El principal escollo legal que detecta el documento radica en la “habilitación” a las Comunidades Autónomas para regular al sector de las VTC. Recuerda que “existe una prohibición constitucional de delegar facultades relacionadas con la legislación mercantil (contratación) que podría verse afectada”. Y es que, a juicio de los letrados que han elaborado el documento, cada Autonomía podría poner en marcha diferentes reglas que “invadan sus segmentos de reserva de prestación”.

Alerta, además, de que esta habilitación puede suponer un “arma de doble filo” para los taxistas. “Puede ser restrictivo para las VTC o ser extensivo de sus servicios respecto a los hasta ahora reservados al taxi”, apunta. ¿Un ejemplo? Que se habilitasen paradas específicas para VTC como las que ya existen para los taxistas, o que puedan coger pasajeros a mano alzada.

El Gobierno propone traspasar competencias a los ayuntamientos para frenar a las VTC

Otra de las preocupaciones para los taxistas radica en la fórmula escogida para elaborar esa “habilitación” competencial a las Comunidades. En línea con lo avanzado por informes jurídicos del sector de las VTC, los abogados del Taxi recuerdan que “es difícil deslindar” la necesidad de hacer ese traspaso con la redacción de una Ley Orgánica, tal y como requiere el artículo 150 de la Constitución.

¿Medidas constitucionales? 

Los abogados del sector también muestran sus dudas acerca de la “constitucionalidad de las medidas” acordadas por Fomento. Más en concreto sobre la forma de llevarlas a cabo: un Real Decreto que requiere una justificación por su urgente necesidad.

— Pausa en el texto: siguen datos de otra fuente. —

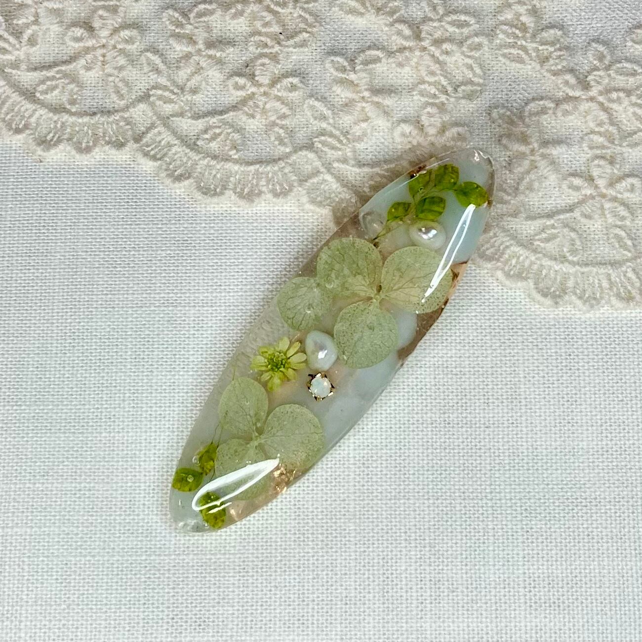 お花をレジンで閉じ込めた、ヘアクリップです。
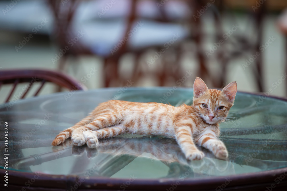 Cat lounging lazily on a glass table in an outdoor setting during daylight hours

El hecho de que las medidas -especialmente la puesta en marcha de una licencia urbana- se retrasen cuatro años como mínimo, hace que ese criterio de urgencia quede en el limbo. Por tanto,en el documento se teme que este argumento pueda ser empleado por las empresas de VTC como una fórmula más para impugnar la medida ante el Tribunal Constitucional.

Los cuatro años de aplazamiento para su puesta en marcha responden a la intención del Gobierno de indemnizar a las empresas de VTC por el cambio en las reglas del juego. Es decir, que pierdan la posibilidad de operar a nivel nacional y empiecen a necesitar permisos locales.

Para los abogados del taxi “la retirada competencial del Estado es controvertida, y será analizada por los tribunales; como lo es también la fórmula escogida para compensar a las pérdidas que puedan tener los dueños de las VTC".